Then there's "cooperative learning."  Cooperative learning was a late twentieth century variation on having students work in groups, a cutting-edge 1957 technique my second grade teacher Mrs. Evans used to call "working in groups."  Unfortunately, cooperative learning took classroom groups several giant leaps beyond common sense during its ballyhooed heyday as the latest bandwagon secret to "success for all students."  Now it's back from bankruptcy, spotlighted in NEAToday under the alias "team-based learning," or TBL.

Don't misunderstand. I know good teachers who put their students in groups.  It gives kids a chance to work together, to delegate and accept responsibilities.  It's also easier for five groups to share five microscopes than for twenty kids to mill around and fight over them.

But over the last few decades there's been another reason.  In the past when middle and high school students were typically grouped in classes according to ability, teachers could adapt material and work at different rates toward appropriately different objectives.  When ability grouping fell from fashion in the 1970s, teachers were confronted with classrooms inhabited by gifted and remedial students, with the full spectrum in between.

Despite what theorists tell you, teaching a class isn't the same as teaching twenty individuals.  Good teachers strive to meet each student's academic needs, but it should be obvious that the broader the range of abilities in a class, the more likely you are to either go too fast or too slowly for someone, to talk over somebody's head or water down material, especially as reformers guarantee success for every student regardless of ability or effort.

So how does a teacher effectively instruct an ever vaster array of students at the same time in the same classroom?  According to cooperative learning boosters, it's simple.  The teacher doesn't have to.  The students teach each other.

I think kids can learn a lot trying to explain something to somebody else.  The trouble is most kids have a hard enough time just being students.  Arguing that they can learn more from other kids than they can from their teachers is ludicrous.
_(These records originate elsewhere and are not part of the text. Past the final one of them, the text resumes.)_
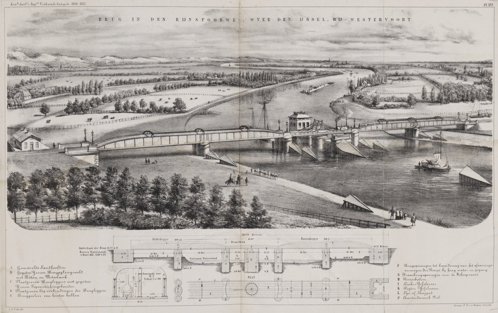 De spoorbrug van de Nederlandsche Rhijnspoorweg-Maatschappij (NRS) over de IJssel bij Westervoort, uit het westen, met daaronder een zijaanzicht, dwarsdoorsnede en bovenaanzicht van de brug. Datering: Tussen 01-01-1856 en 31-12-1856.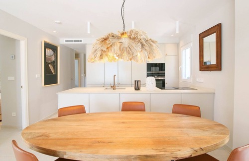 This impressive villa is located on the first line of Las Marinas beach in Denia in a quiet area, very close to the urban centre. The house has been completely renovated and redecorated in 2024, with exquisite taste and great attention to detail. Its capacity is for 6 people, as it has three bedrooms (two of them en suite) and three bathrooms. The accommodation has wifi and air-to-water heating/cooling throughout the house.The beautiful garden and pool are particularly striking, very different from what is usually found. For the use and enjoyment of our clients, sunbeds and outdoor furniture (chairs, tables and chill-out area) are available.Upon entering the property, we find ourselves in the living/dining room with an American kitchen, from which beautiful views of the garden and the sea can be enjoyed. The kitchen is fully equipped with: induction, refrigerator, microwave, oven, freezer, dishwasher, crockery/cutlery, kitchen utensils, coffee maker, toaster, kettle and juicer.Next to it is the first bedroom with two 90cm beds. Following the corridor, there is a bathroom with a shower. Next to it are the other two double bedrooms, both with en-suite bathrooms. One of them also has an outdoor exit and TV.Surrounding the villa is a small, very pleasant courtyard where you can have breakfast in the mornings.The parking area is located in front of the property, it is private but shared with another villa. The upper floor of the villa is private, only the ground floor is rented.Heating consumption (Gas, Oil or Pellets) is not included. In long-stay rates, electricity and heating (Gas, Oil or Pellets) are not included, nor is WiFi, sheets or towels. The price of services will be according to the agency's conditions.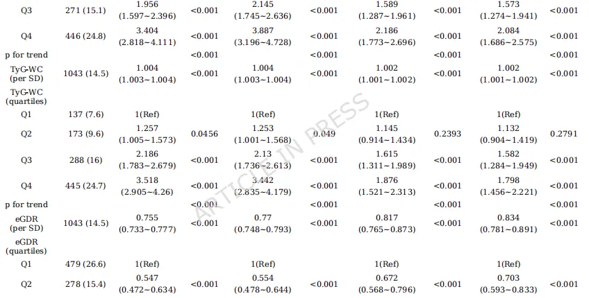 4.揭示非线性关系:首次报道eGDR与CMM风险呈“L型”关联,即风险随eGDR升高而下降,但在超过11.82后获益不再显著增加;而TyG-WC呈“U型”关联。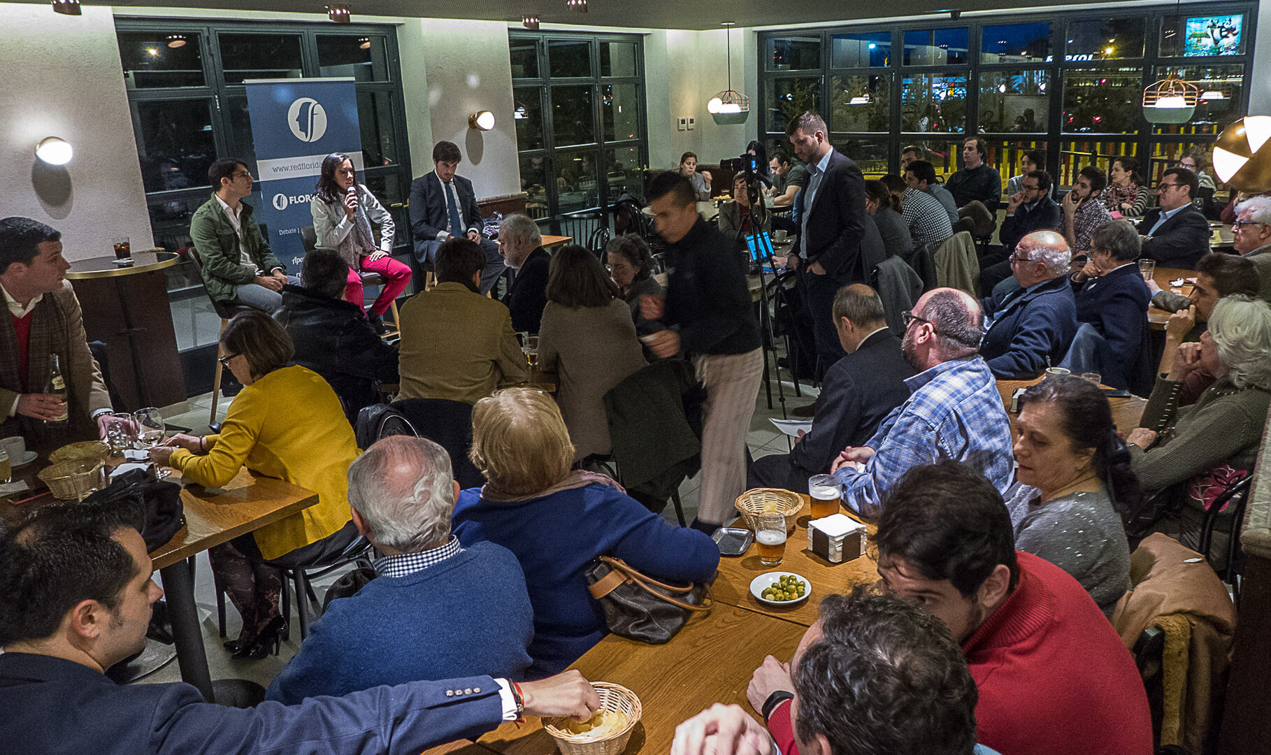 Al entrar en la cafetería en la que se ha convocado el acto encontramos a unas 70 personas a las que aún se han de unir unas pocas más que harán que al final seamos cerca de un centenar desbordando el aforo del local: algunos tienen que quedarse de pie. Hay gente de todas las edades, no todos son jóvenes yuppies, aunque tampoco se ven rastas. En general, el aspecto es el que podríamos esperar de una reunión de militantes del PP.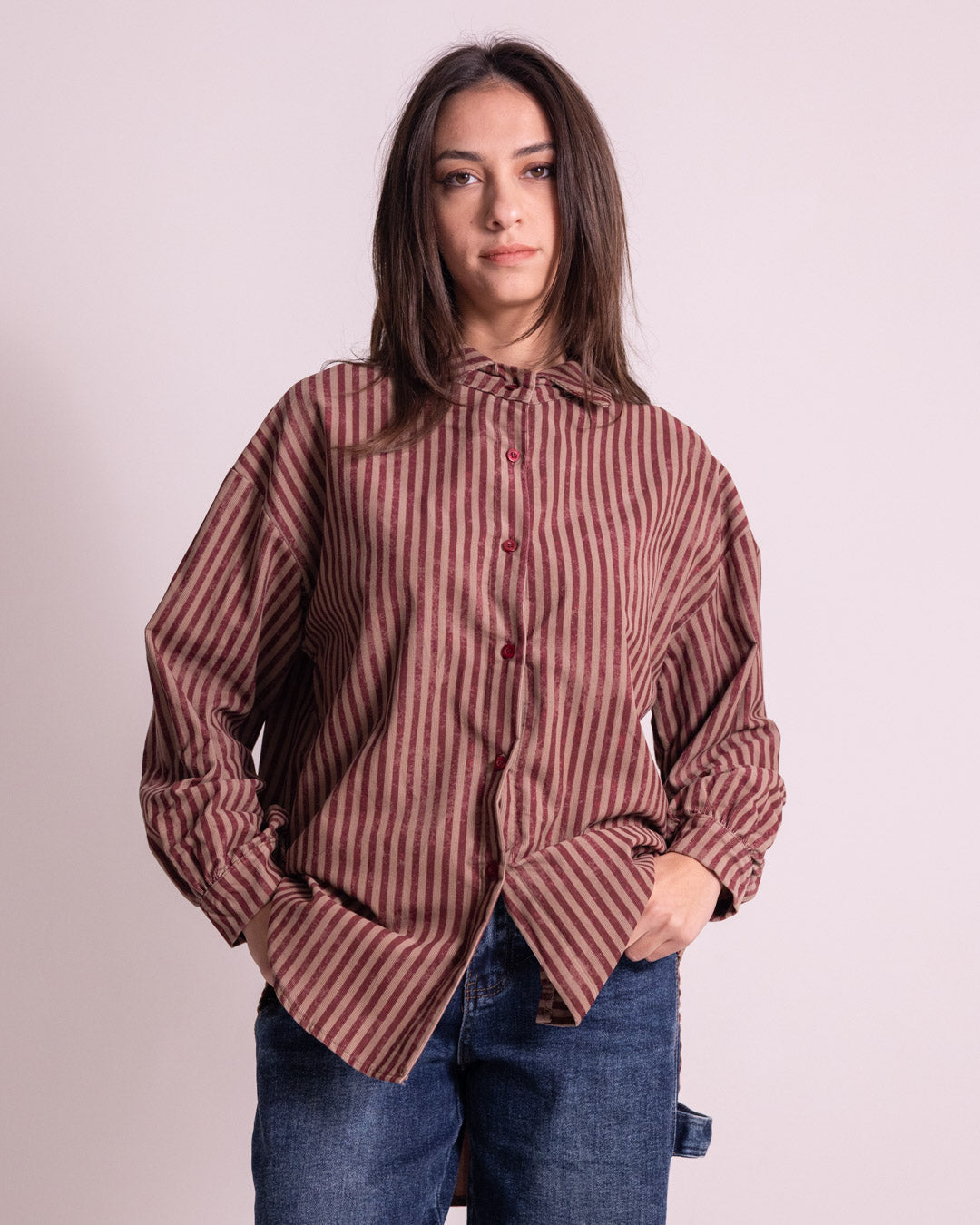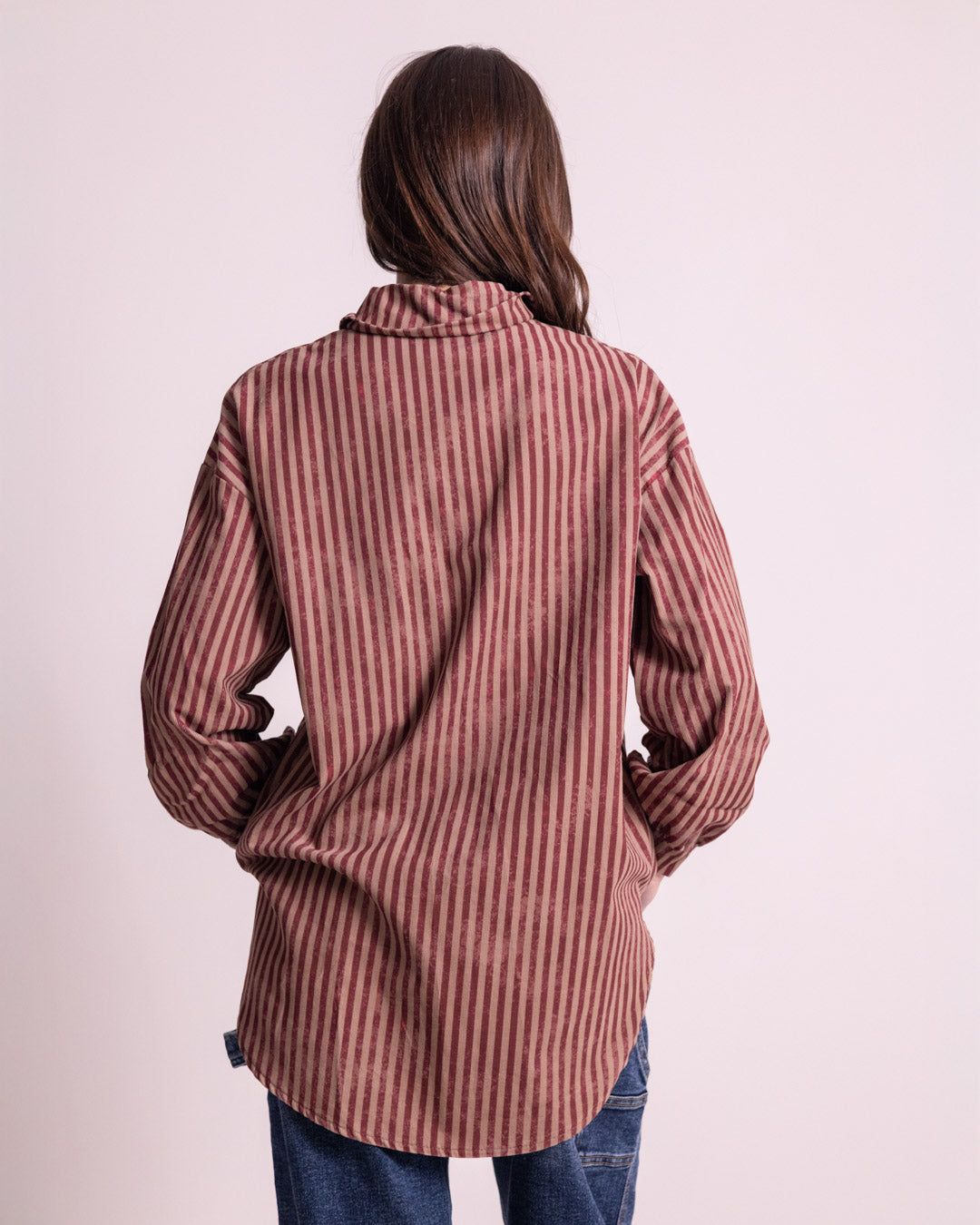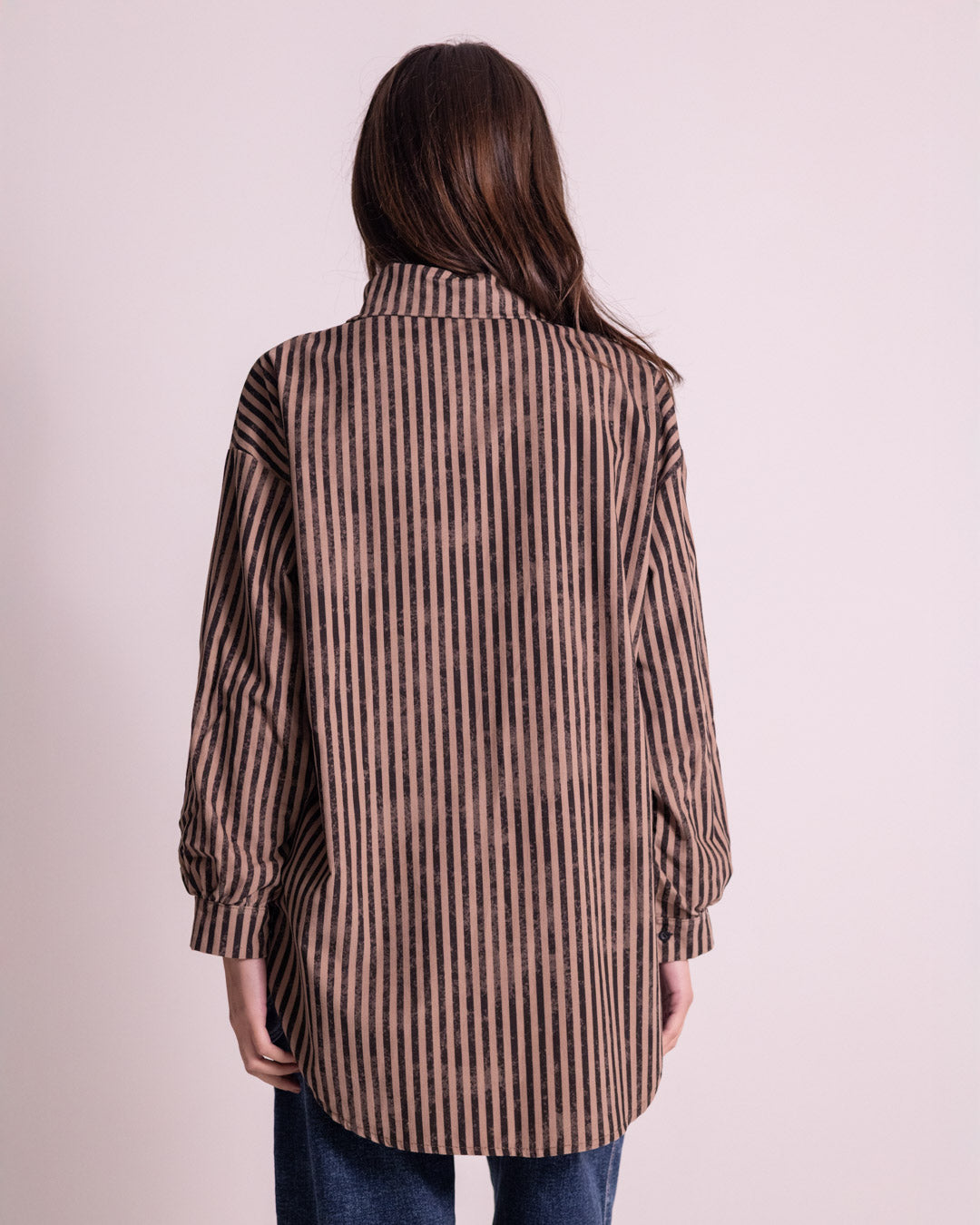 Camicione a righe realizzato in morbido tessuto a costine, caratterizzato da un taglio asimmetrico che lo rende più lungo nella parte posteriore. Questo capo combina comfort e stile contemporaneo, perfetto per chi ricerca un'alternativa sofisticata alla camicia classica. La texture costinata garantisce una vestibilità confortevole e una drappeggiatura elegante, mentre il pattern a righe aggiunge movimento e dinamismo al look. Ideale da indossare sia in abbinamenti casual che semi-formali.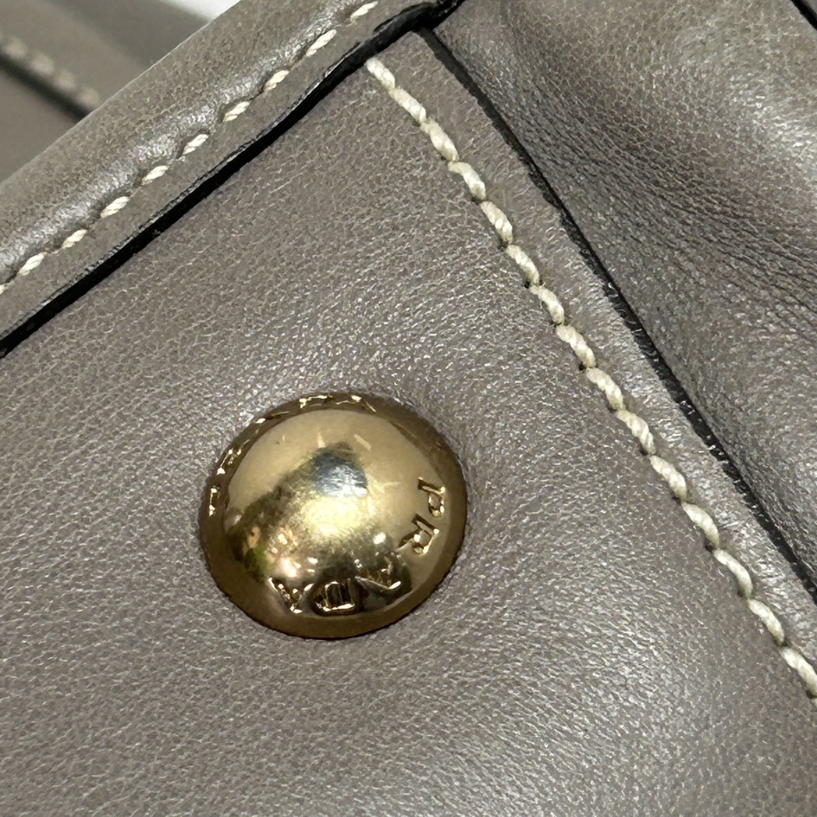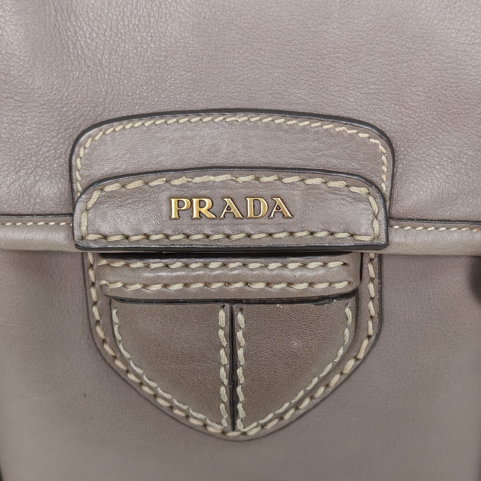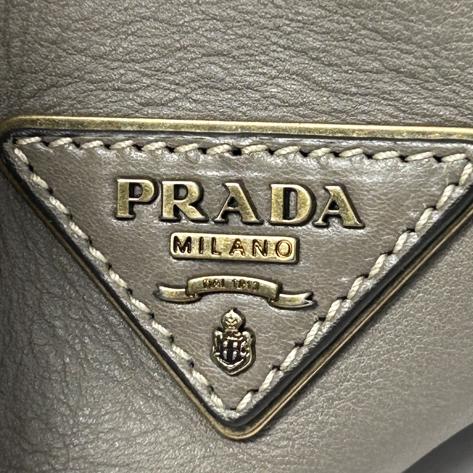 This vintage handbag is crafted from gray leather with iconic Prada logo hardware, featuring top handles, a rare retro collectible.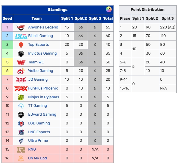 AL第一赛段拥有15分世界赛积分,第二赛段保底亚军最少将收获70分世界赛积分。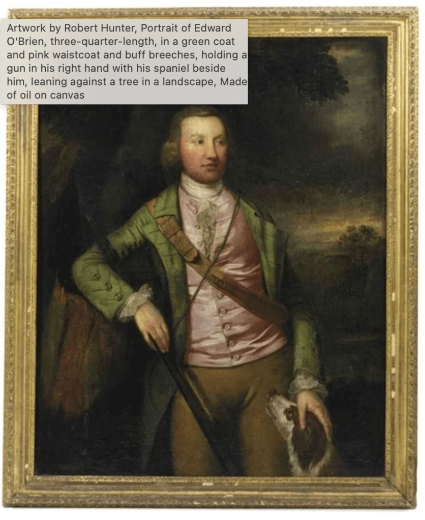 Máire Rua O’Brien née McMahon (1615/1616 – 1686) daughter of Turlough Roe McMahon Baronet, wearing Felemish bobbin lace with O’Brien coat of arms.She married first Colonel Neylan, then in 1639, Colonel Conor O’Brien (1617-1651) of Lemeneagh, ancestor of Barons Inchiquin, but he was slain in battle in 1651. She then married, to keep the family property, Captain John Cooper of Ireton’s army, whom she is said to have murdered! It’s a rare example of a portrait almost certainly painted in Ireland in the first half of the seventeenth century – see Irish Portraits 1660-1860 by Anne Crookshank and the Knight of Glin, published by the Paul Mellon Foundation for British Art 1969.Donough O’Brien (1642-1717), 1st Baronet of Lemeneagh and Dromoland, Co. Clare by Mary Beale, 1690. He lived in Dromoland Castle.He was the son of Máire Rua O’Brien née McMahon (1615/1616 – 1686) and Conor McDonogh O’Brien (1617-1651).Lucia Hamilton, 1674, daughter of George Hamilton. Wife of Donough O’Brien, 1st Baronet, married in 1674. She died two years later, not long after the birth of his son and heir, Lucius.Lucius O’Brien (1675-1717) son of Donough O’Brien 1st Baronet of Leameneh, History of the O’Briens from Brian Boroimhe, AD. 1000 to AD. 1945, by Donough O’Brien, p 212.jpgCatherine Keightley, daughter of Thomas Keightley and Frances Hyde, aunt of Queens Anne and Mary, wife of Lucius O’Brien, History of the O’Briens from Brian Boroimhe, AD. 1000 to AD. 1945, by Donough O’Brien, p 232.Edward O’Brien (1705-1765) 2nd Baronet of Dromoland, County Clare from Historical memoir of the O’Briens : The Origin and History of the O’Brien Clan, by John O’Donoghue A.M, Barrister-at-Law, First Published in 1860 (Martin Breen 2002) Illustrations section (Collection of O’Brien of Dromoland), Public Domain, https://commons.wikimedia.org/w/index.php?curid=109837449He was the son of Lucius O’Brien.Mary Hickman, wife of Edward O’Brien, 2nd Baronet, from Historical memoir of the O’Briens : The Origin and History of the O’Brien Clan, by John O’Donoghue A.M, Barrister-at-Law, First Published in 1860 (Martin Breen 2002) Illustrations section, Public Domain,https://commons.wikimedia.org/w/index.php?curid=109837783Lucius O’Brien (1731-1795) 3rd Baronet, courtesy of Harnet – The Other Clare Vol. 9 page 14,15.Ann Ffrench wife of Sir Lucius O’Brien, 3rd Baronet courtesy Unknown author – These My Friends and Forebears: The O’Briens of Dromoland. She was daughter of Robert Ffrench of Monivea Castle, County Galway, MP for County Galway, and of Nichola Acheson, daughter of Arthur, 5th Baronet of Market Hill, County Armagh.Capt. Edward O’Brien, holding a musket in the uniform of 52nd Regiment of Foot, standing against landscape, line of infantry firing a volley against an advisory, by Robert Hunter (1715 – 1780), courtesy of Adam’s auction 16 Oct 2018. Edward O’Brien (c. 1735-1787) was the third son of Sir Edward O’Brien 2nd Baronet of Dromoland and Mary Hickman. A portrait of him and titled Master Edward O’Brien by Philip Hussey was exhibited with the Irish Portraits 1660 1860 Dublin, London and Belfast 1970, Cat no. 31. His ambition was to be a solider but there was no money to buy a Cornecy of Dragoons until 1759. A riding accident prevented his joining Corps being raised to go to America. He became a Captain in the 122nd Regiment and then exchanged (costing £379 3 4) into the 52nd Regiment. He married his cousin Charlotte Hickman of Brickhall, Co. Clare. With his easy-going spendthrift nature and love of horses, it is easy to see why he was his fathers favourite son. Although his father had left him Jockey Hall on the Curragh, he was not able to provide for his family and appealed to his more serious brother, Lucius, for help who assigned him a life interest in lands at Leamanagh and organised his return to military service. However, he forbade him from leaving the kingdom, thereby again preventing him going to America where he thought he could distinguish himself. He died in 1787 with the rank of colonel.Edward O’Brien, 1766, attributed to Robert Hunter, auctioned Christie’s, July 2011. It could be Colonel Edward O’Brien (1737-1787) of Dromoland Castle and of Millicent House County Kildare.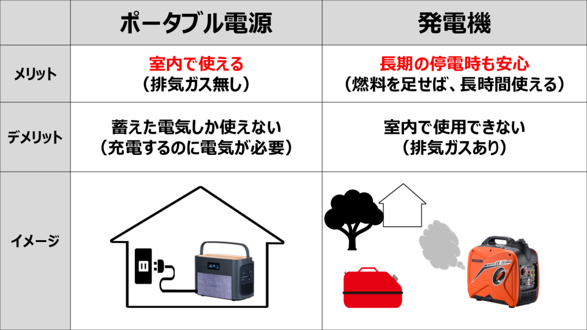 従来、ポータブル電源は室内で安全に使える一方で、蓄えた電気を使い切ると停電時には充電できないという弱点がありました。逆に発電機はガソリンさえあれば長時間使えますが、排気ガスが出るため室内では使用できません。

Forty minutes talking with all my students usually better serves their education than two minutes talking to each of them.  Reformers, including TBL boosters, rail against "sage on the stage" teachers who try to "impart knowledge," as if that's a bad thing, but the fact is I can usually lead my students better than they can lead themselves.  If I can't, please show me the door.

TBL enthusiasts display a staggering unfamiliarity with real students and how they behave.  TBL advocates claim their method induces students to "hold each other accountable for coming to class prepared" because kids "don’t want to be seen as slackers."  And when students "arrive at a wrong answer," TBL allegedly renders them "eager for teachers to explain" their mistake.

I've worked with kids for a quarter-century, singly and in groups, and I'm here to report that a distressing number seem perfectly at ease with their "slacker" image.  The TBL press release also overstates most students' passion to understand, let alone correct their mistakes.

TBL is loaded with gimmicks, from scratch-off answer sheets that "work like lottery tickets," to a menu of acronyms that outdistances the New Deal.  The lottery tickets, for instance, go by the moniker, IF-AT, for Immediate Feedback Assessment Technique.

TBL begins with the Readiness Assurance Process, or RAP, in which teachers assign reading materials, hardly a novel idea.  Next, in an equally cutting-edge move, there's a test based on the reading.  Actually, there are two tests.  First, students take the individual Readiness Assurance Test, or iRAT.  Immediately after handing in their iRATs, they take the identical test again.  This time, though, it's called gRAT, or group Readiness Assurance Test.  On gRATs they fill in the answers together.  TBL calls this "reaching consensus," although many observers may confuse it with another common classroom activity known as "asking the smart kid for the answer."

Both RATs "count equally toward students’ grades," a bad idea on two counts.  First, while inflated grades look better on report cards, a student's grade should reflect what he or she knows, not what the student who's sitting in the next seat knows.  Even in a "real world" that values collaboration, the point of a test is to find out how good a resource someone will be when someone else asks him or her for help later on.  Employers may value team players, but first they're looking for competent players.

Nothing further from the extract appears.